Afbeelding

Ook bij grensoverschrijdend gedrag recht op transitievergoeding


Dat blijkt uit het arrest van de Hoge Raad van 24 juni 2022, ECLI:NL:HR:2022:950. Het ging in deze zaak om de ontbinding van de arbeidsovereenkomst tussen de Hogeschool en een docent bewegingsleer wegens grensoverschrijdend gedrag van de docent. Met name zijn fysieke houding correcties en massagelessen werden door de vrouwelijke studenten als grensoverschrijdend ervaren. De arbeidsovereenkomst tussen de docent en de Hogeschool werd ontbonden. De vraag was of deze docent, die in 1989 in dienst was getreden van de Toneelacademie (sinds 2001 onderdeel van de Hogeschool), wel of geen recht had op een transitievergoeding.

 

Grensoverschrijdend gedrag hoeft geen ernstig verwijtbaar handelen te zijn

Een werknemer heeft ook bij een ontbinding van de arbeidsovereenkomst op grond van verwijtbaar gedrag (artikel 7:669 lid 3, onder e, BW) recht op een transitievergoeding. De werknemer kan zijn recht op een transitievergoeding alleen kwijtraken in uitzonderlijke gevallen, waarin evident is dat het tot beëindiging van de arbeidsovereenkomst leidende handelen of nalaten van de werknemer niet slechts als verwijtbaar maar als ernstig verwijtbaar moet worden aangemerkt (artikel 7:673 lid 7, aanhef en onder c, BW). Deze uitzonderingsgrond heeft een beperkte reikwijdte en moet terughoudend worden toegepast.

 

Verantwoordelijkheid van de werkgever

In deze zaak moest de Hogeschool aan de docent de transitievergoeding betalen. Deze uitspraak is belangrijk omdat de Hoge Raad dus niet meegaat in de geopperde ‘vuistregel’ dat naar huidige maatschappelijke maatstaven seksueel grensoverschrijdend gedrag in een afhankelijkheidssituatie - zoals die van docent jegens leerling - in beginsel ernstig verwijtbaar handelen in de zin van artikel 7:673 lid 7, aanhef en onder c, BW zou moeten opleveren. Daartoe oordeelt de Hoge Raad onder meer dat anders onvoldoende recht zou worden gedaan aan de verantwoordelijkheid van de werkgever om grensoverschrijdend gedrag in zijn organisatie zoveel mogelijk te voorkomen en bij signalen van grensoverschrijdend gedrag daartegen op te treden. De werkgever heeft hier volgens de Hoge Raad duidelijk een eigen verantwoordelijkheid.

 

Casuïstisch

In deze zaak behield de docent dus zijn recht op de transitievergoeding. Dat kwam onder meer omdat de rechter bij de omstandigheden die van invloed waren op de verwijtbaarheid van het handelen van de docent in verhouding tot de Hogeschool óók het handelen en nalaten van de Hogeschool als werkgever betrok. Ofschoon de werkgever aan de docent duidelijke waarschuwingen had gegeven, was de werkgever op een aantal belangrijke punten in gebreke gebleven, waaronder:

- de werkgever had actief samen met de docent moeten onderzoeken welke didactische cursussen of begeleiding de docent nodig had;

- de werkgever had erop moeten toezien dat de docent die cursussen ook daadwerkelijk volgde en wat de resultaten waren;

- de werkgever had onvoldoende geobserveerd of de docent daadwerkelijk veranderingen had doorgevoerd in zijn manier van lesgeven en of de docent zijn gedrag had veranderd;

- de werkgever heeft naar de docent toe onvoldoende duidelijk te kennen gegeven of de wel doorgevoerde veranderingen voldoende waren.
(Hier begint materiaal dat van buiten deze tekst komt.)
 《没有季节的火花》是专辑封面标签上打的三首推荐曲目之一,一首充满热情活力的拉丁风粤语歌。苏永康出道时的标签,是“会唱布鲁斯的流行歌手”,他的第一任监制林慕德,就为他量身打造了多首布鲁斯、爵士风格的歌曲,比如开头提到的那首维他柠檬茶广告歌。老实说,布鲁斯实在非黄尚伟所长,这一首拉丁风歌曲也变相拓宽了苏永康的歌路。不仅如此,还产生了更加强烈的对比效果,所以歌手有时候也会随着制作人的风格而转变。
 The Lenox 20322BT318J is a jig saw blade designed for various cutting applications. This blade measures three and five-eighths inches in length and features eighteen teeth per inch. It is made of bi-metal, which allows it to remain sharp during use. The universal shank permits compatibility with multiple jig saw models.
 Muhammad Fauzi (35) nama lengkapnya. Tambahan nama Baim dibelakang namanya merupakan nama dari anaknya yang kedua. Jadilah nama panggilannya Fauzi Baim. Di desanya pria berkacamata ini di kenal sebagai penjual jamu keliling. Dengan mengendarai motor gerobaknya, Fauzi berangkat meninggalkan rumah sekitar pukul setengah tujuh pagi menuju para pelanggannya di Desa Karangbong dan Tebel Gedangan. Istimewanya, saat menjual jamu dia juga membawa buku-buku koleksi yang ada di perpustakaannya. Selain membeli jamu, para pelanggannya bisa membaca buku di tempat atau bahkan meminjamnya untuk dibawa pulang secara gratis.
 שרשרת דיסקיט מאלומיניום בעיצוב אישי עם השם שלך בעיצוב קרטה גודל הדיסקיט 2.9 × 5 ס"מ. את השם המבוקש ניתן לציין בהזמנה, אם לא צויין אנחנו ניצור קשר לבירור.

Had de werkgever daarin geen steken laten vallen, dan had de uitkomst dus heel anders kunnen zijn.

 

Kortom

Wordt u beschuldigd van grensoverschrijdend gedrag of wilt u weten wat u als werkgever kunt doen om grensoverschrijdend gedrag in uw organisatie zoveel mogelijk te voorkomen, neemt u dan gerust contact met ons op om vrijblijvend uw specifieke situatie aan ons voor te leggen.

 

Terug naar het overzicht
AD Advocaten
Roemer Visscherstraat 24
1054 EX Amsterdam

Telefoon 020 61 81 781

Fax 020 68 33 042

Direct contact »
Stel een vraag »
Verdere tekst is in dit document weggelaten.